At our facility many years ago, we were taught after access to NS flush prior to aspirating for blood return. I can not find a reference to support that practice. We are updating that guideline, and of course everything now recommends aspirate first. I am curious if anyone else experienced this change, and was there evidence or research to support the previous practice?
Are you using prefilled flush syringes? If so, they are in a clear cellaphane overwrap, meaning that the sterile part is the fluid pathway. When you attach and aspirate first, you are pulling the plunger rod back into an area of the syringe barrel that is clean but not guaranteed to be sterile. So flush a few mLs in first, then aspirate and flush the rest in. By doing it this way, the tip of the plunger rod stays within the original fluid pathway. Lynn
Lynn Hadaway, M.Ed., RN, BC, CRNI
Lynn Hadaway Associates, Inc.
126 Main Street, PO Box 10
Milner, GA 30257
Website http://www.hadawayassociates.com
Office Phone 770-358-7861
We use sterile flushes because we couldn't figure out a way to call this a sterile or even aseptic procedure and still drop the cellophane-wrapped flushes on our field. I guess the additional benefit is that can aspirate first (without guilt) since even the syringe is sterile. The thing is that initial flush, even if it's only 1ml or less, can often tell you if you are in the port before you even pull back, i.e., if you can't even flush that much you either have a horribly occluded port or you're not in. IMHO.

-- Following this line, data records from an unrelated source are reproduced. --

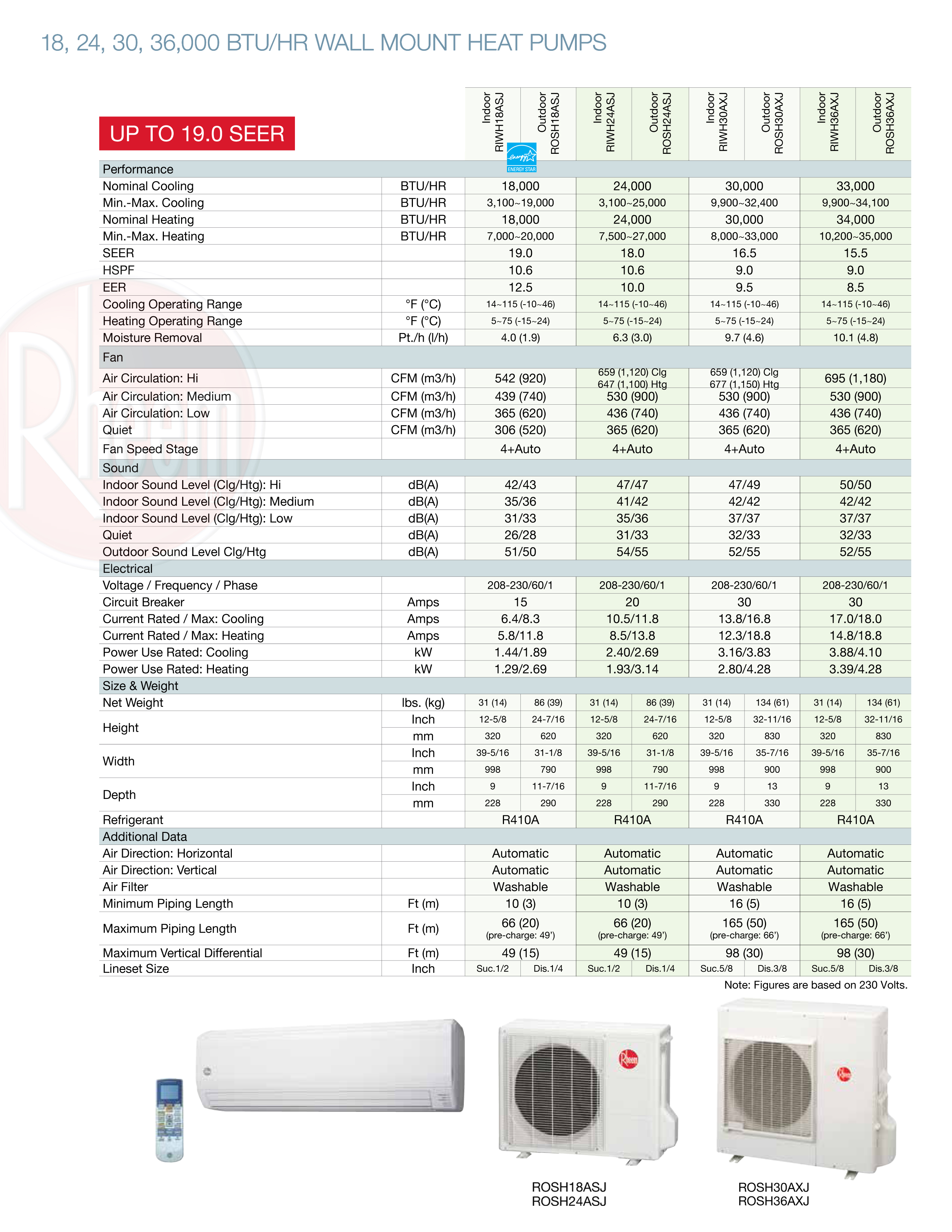 Mini Split 18,000 BTU Rheem 19 SEER Heat Pump System, RIWH18ASJ, ROSH18ASJ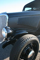 I use a mig welder for all assembly, and butt weld the joints together in most cases. I will hammer form these seams on flat panels to keep distortion to a minimum when grinding the weld flat. Its important to constantly "step back" and view your project from a distance as your eye will catch many imperfections and disproportions before your tape measure will. Making the seams through the belt line rib allows you to hide the weld and minimize distortion as the curve will hold its shape better than a a flat panel will and you can smooth it over with filler when the car is painted. Next was to address the rear window panel that had been rudely cut out with a torch. Again my friend Donnie Smart had a rear window section out of a coupe. I learned that the coupe and sedan are different, in that the sedan had a curved bottom edge and the coupe is straight. It came with the prerequisit bullet hole, which I debated on leaving it in the body, but finally decided to weld it closed.
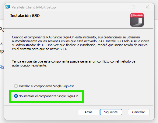 Haremos click directamente en ‘Siguiente’ (por defecto, debe estar seleccionada la opción de ‘No instalar el componente Single Sing-On’).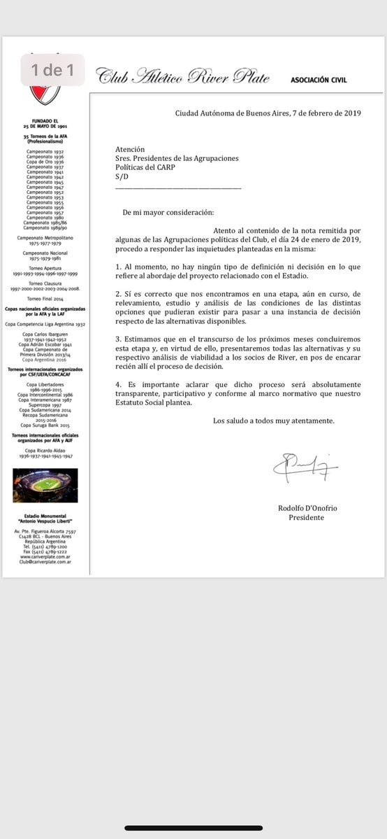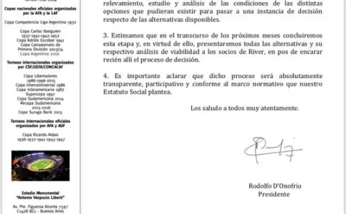 En este contexto, el máximo dirigente Millonario firmó una carta oficial que sacó el club hablando del tema, para calmar las aguas.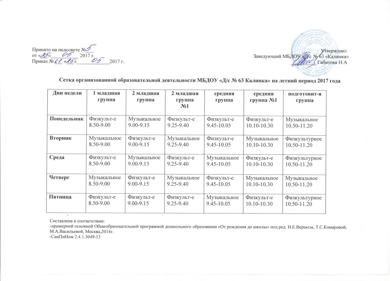 Сетка организованной образовательной деятельности МБДОУ на летний период 2017г.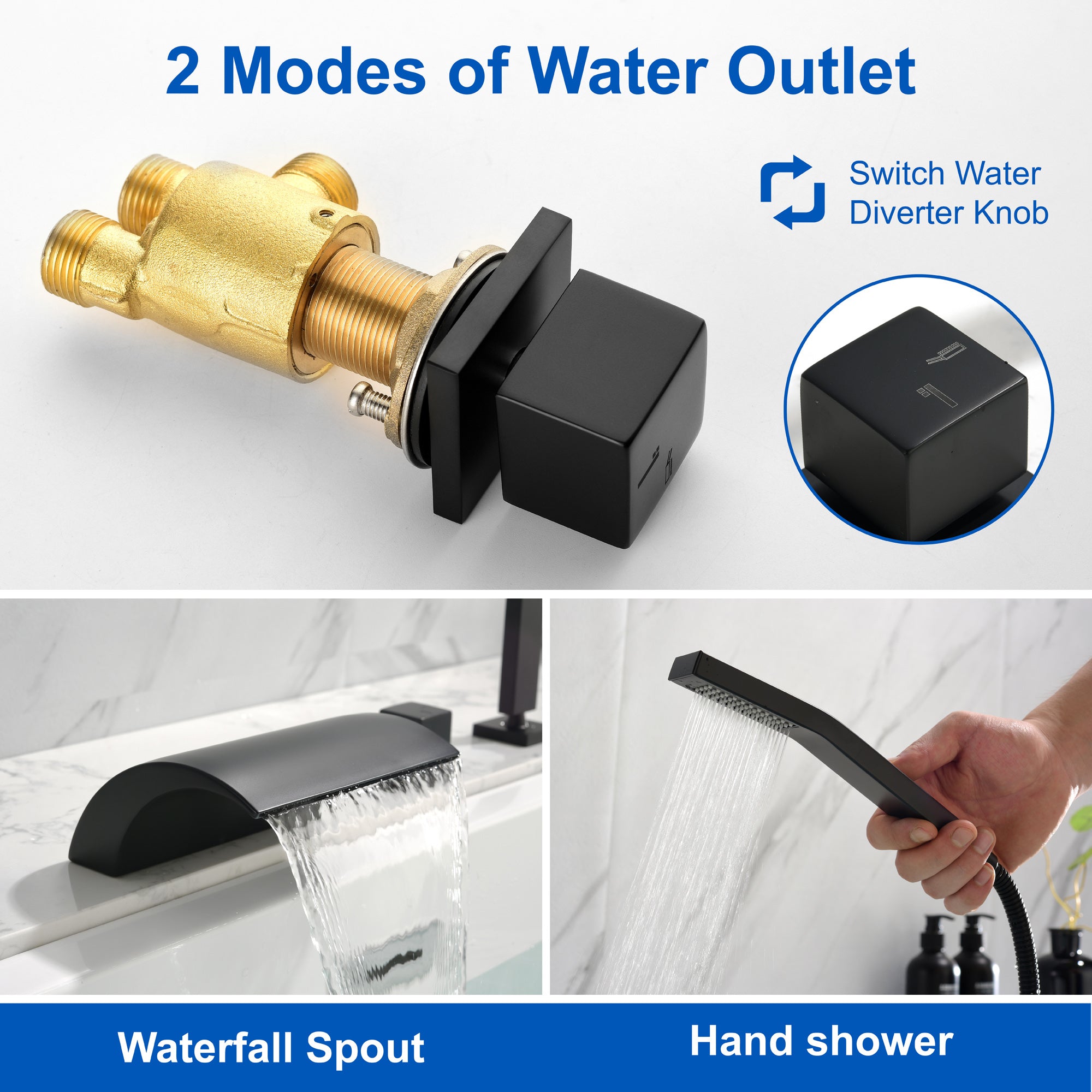 - Single handle easy to control hot water and cold water which is the best choice for bathtub.You Just simply rotate the lovely square knob to switch water to hand shower or waterfall spout.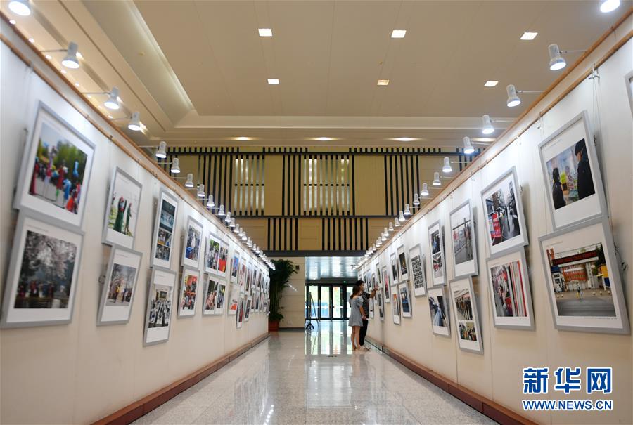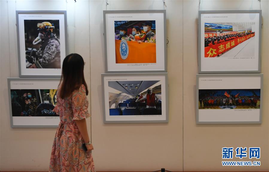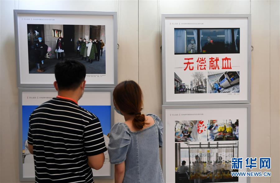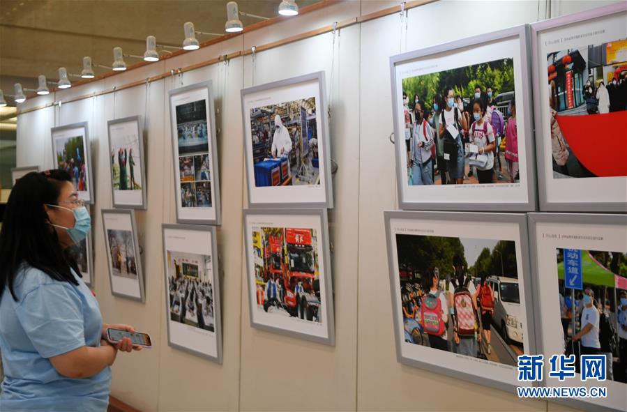 8月8日,观众在作品展上参观。 当日,吉林省抗疫主题青年音乐书法摄影作品展在省图书馆举行,展览共展出150余件书法作品、80余幅摄影作品和8首原创音乐。 新华社记者 林宏 摄

Keith W. Gilchrist, MSN, RN, PHN, OCN, CRNI, VA-BC
Oncology Nurse Navigator, David Grant Medical Center
Travis AFB, CA
The whole syringe is sterile in the packaging your are talking about. So the entire syringe barrel would be sterile, and my issue would not apply. There is no research on the question of aspirate first vs flush first. So the issue I mentioned with the sryinge barrel is the only reason I can think of to flush first then aspriate. Lynn
Lynn Hadaway, M.Ed., RN, BC, CRNI
Lynn Hadaway Associates, Inc.
126 Main Street, PO Box 10
Milner, GA 30257
Website http://www.hadawayassociates.com
Office Phone 770-358-7861
When you have a prepackaged saline flush wrapped in a clear, but flimsy cellaphane, the only thing that is sterile is the saline inside the syringe. You cannot drop it onto a sterile field. This clear wrapper is merely a dust cover.
The outside of its package will usually warn you to NOT place it onto a sterile field.
Prefilled Saline syringes which are allowed onto a sterile field will usually have a clear top and then a paperback bottom. They will clearly denote whether or not it is appropriate to place onto a sterile field.